Input data:
══════

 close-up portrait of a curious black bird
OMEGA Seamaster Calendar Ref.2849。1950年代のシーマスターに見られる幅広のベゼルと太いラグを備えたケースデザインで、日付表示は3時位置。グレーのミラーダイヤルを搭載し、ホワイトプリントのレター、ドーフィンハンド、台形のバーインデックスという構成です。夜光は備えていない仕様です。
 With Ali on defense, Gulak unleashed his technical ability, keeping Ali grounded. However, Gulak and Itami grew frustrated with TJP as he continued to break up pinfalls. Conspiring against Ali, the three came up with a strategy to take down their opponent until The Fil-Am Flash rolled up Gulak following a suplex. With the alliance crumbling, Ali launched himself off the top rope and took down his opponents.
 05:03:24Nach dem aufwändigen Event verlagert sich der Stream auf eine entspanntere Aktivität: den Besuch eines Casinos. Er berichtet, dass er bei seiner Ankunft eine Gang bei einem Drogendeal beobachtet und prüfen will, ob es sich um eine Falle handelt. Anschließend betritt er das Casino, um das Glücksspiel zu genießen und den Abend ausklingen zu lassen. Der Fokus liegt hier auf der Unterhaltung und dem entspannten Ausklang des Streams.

══════

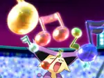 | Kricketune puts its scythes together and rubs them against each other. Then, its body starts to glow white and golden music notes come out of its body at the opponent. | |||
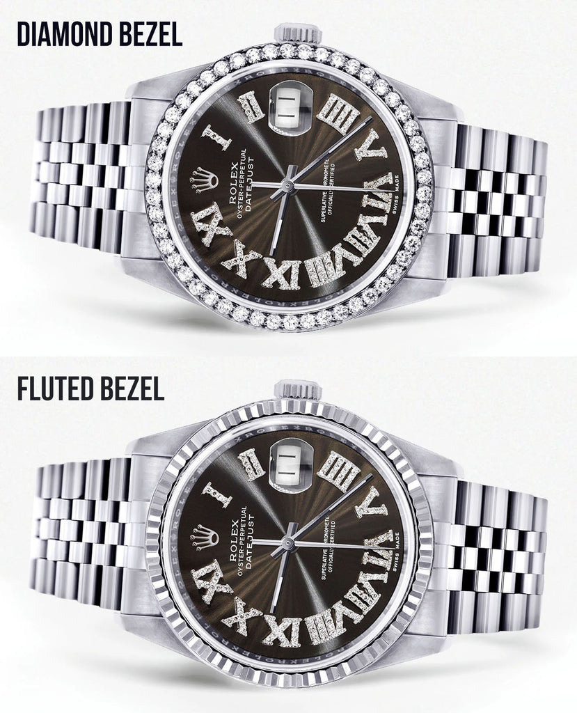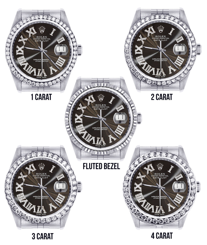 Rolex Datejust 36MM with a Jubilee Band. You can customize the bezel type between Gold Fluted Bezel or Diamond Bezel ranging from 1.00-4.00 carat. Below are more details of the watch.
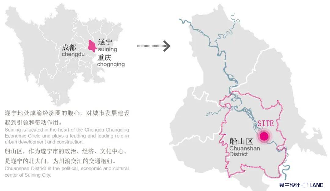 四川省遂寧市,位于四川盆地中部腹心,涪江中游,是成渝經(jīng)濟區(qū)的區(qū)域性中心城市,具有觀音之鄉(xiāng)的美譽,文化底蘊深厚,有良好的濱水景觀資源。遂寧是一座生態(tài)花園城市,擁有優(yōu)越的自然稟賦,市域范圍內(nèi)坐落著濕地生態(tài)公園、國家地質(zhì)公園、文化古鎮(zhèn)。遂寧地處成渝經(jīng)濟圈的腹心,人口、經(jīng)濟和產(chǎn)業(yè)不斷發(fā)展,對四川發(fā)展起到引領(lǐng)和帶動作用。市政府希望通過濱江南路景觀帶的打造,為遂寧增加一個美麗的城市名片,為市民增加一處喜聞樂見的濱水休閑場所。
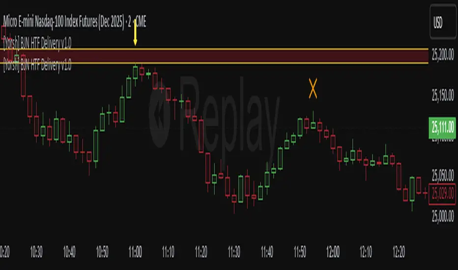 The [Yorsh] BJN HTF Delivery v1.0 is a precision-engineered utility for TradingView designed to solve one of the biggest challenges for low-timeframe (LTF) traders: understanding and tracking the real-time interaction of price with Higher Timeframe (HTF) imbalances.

══════

Exercise directions: Give back exactly the lines above from the one with "opponent. | |||" through the one with "The [Yorsh] BJN", both included. Pictures don't belong in the copy.

Task solution:
 | Kricketune puts its scythes together and rubs them against each other. Then, its body starts to glow white and golden music notes come out of its body at the opponent. | |||
 Rolex Datejust 36MM with a Jubilee Band. You can customize the bezel type between Gold Fluted Bezel or Diamond Bezel ranging from 1.00-4.00 carat. Below are more details of the watch.
 四川省遂寧市,位于四川盆地中部腹心,涪江中游,是成渝經(jīng)濟區(qū)的區(qū)域性中心城市,具有觀音之鄉(xiāng)的美譽,文化底蘊深厚,有良好的濱水景觀資源。遂寧是一座生態(tài)花園城市,擁有優(yōu)越的自然稟賦,市域范圍內(nèi)坐落著濕地生態(tài)公園、國家地質(zhì)公園、文化古鎮(zhèn)。遂寧地處成渝經(jīng)濟圈的腹心,人口、經(jīng)濟和產(chǎn)業(yè)不斷發(fā)展,對四川發(fā)展起到引領(lǐng)和帶動作用。市政府希望通過濱江南路景觀帶的打造,為遂寧增加一個美麗的城市名片,為市民增加一處喜聞樂見的濱水休閑場所。
 The [Yorsh] BJN HTF Delivery v1.0 is a precision-engineered utility for TradingView designed to solve one of the biggest challenges for low-timeframe (LTF) traders: understanding and tracking the real-time interaction of price with Higher Timeframe (HTF) imbalances.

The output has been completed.